Writing Challenge: Peace
Peace
The idea of peace often feels like an allusive idea: a unicorn dancing about gauze-y clouds and laughing hysterically down at me as it poops out rainbow candies.

As a mom of a 12 and 14 year old, full-time teacher, and wife to a man with Early Onset Alzheimers, it often feels that I am being yanked and strained to just the point of destruction. I think of the ropes tethering our tent tarp that is now rarely used because it is just too much work to organize a camping trip. The sun has weathered and faded them. They’ve held firm against raucous wind and unyieldingly grounded us during monsoon-ish type rainstorms. They are not what anyone would consider beautiful but they continue to be, despite age and use, practical and effective. And yet even those ropes have moments of peace (many moments now): quietly lying about in our shed, becoming friends with spiders and dust hippos.
As I prop my Covid-enlargened butt (okay, I won’t blame the COvid, I will blame my eating habits during COvid) on the edge of my chair, a gentle pre-storm breeze filters past.

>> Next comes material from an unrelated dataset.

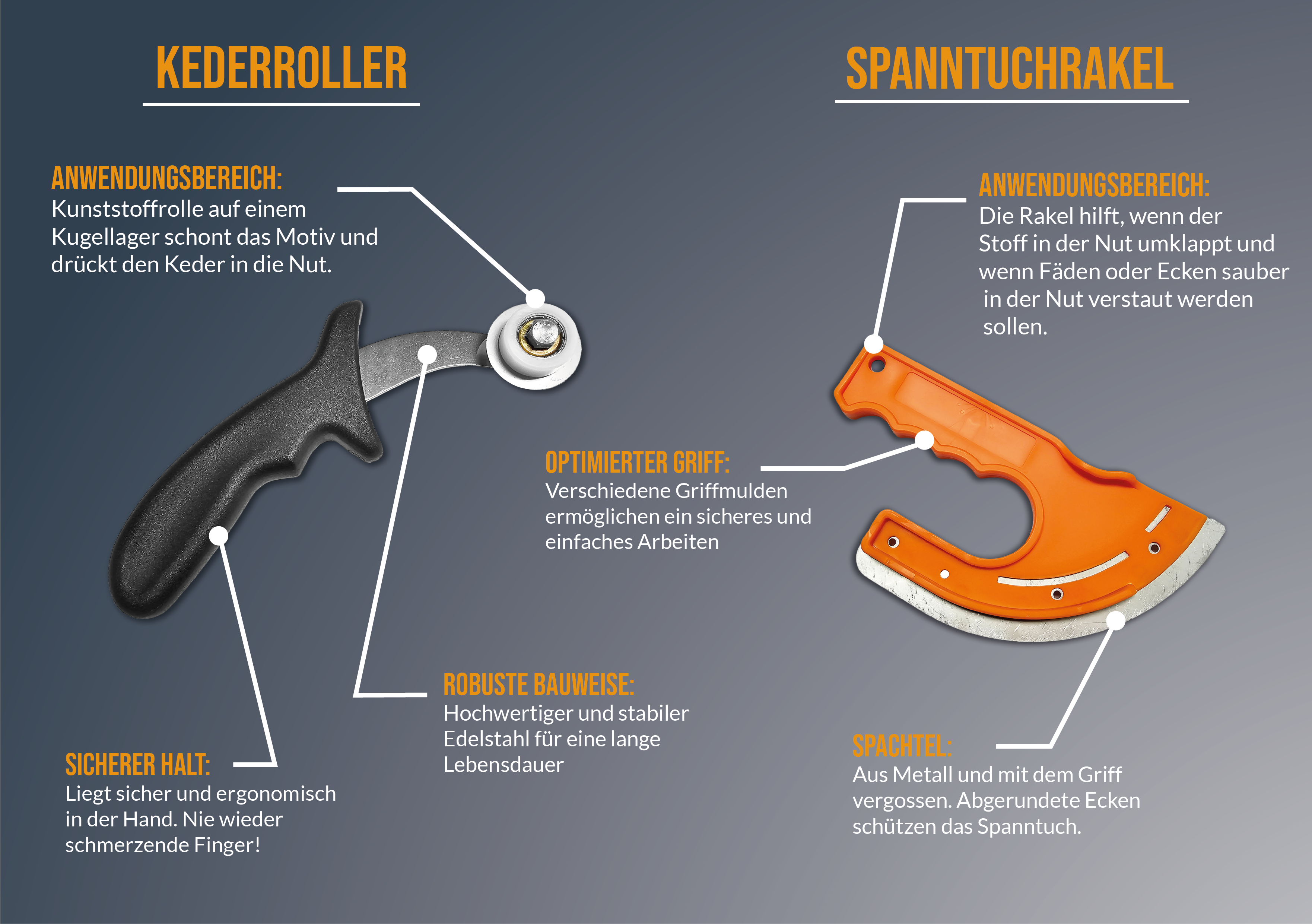 Mit dem Kederroller können korrekt konfektionierte Spanntücher sehr schnell in den Rahmen eingebracht werden. Tuch und Finger werden geschont.

The neighbour’s dog bark — more of a bray than a bark — and the garbage truck’s squeaky brakes — are the only things biting into the quiet morning. The room is lit by only the clouded gray seeping under half-closed blinds. My coffee is almost warm. This is peace.
Mind shift. Peace may be allusive but it does indeed exist. For me it will have to be in moments. Brief moments. And right now, in one of those brief moments, I will choose to accept that calm both inside and outside of me.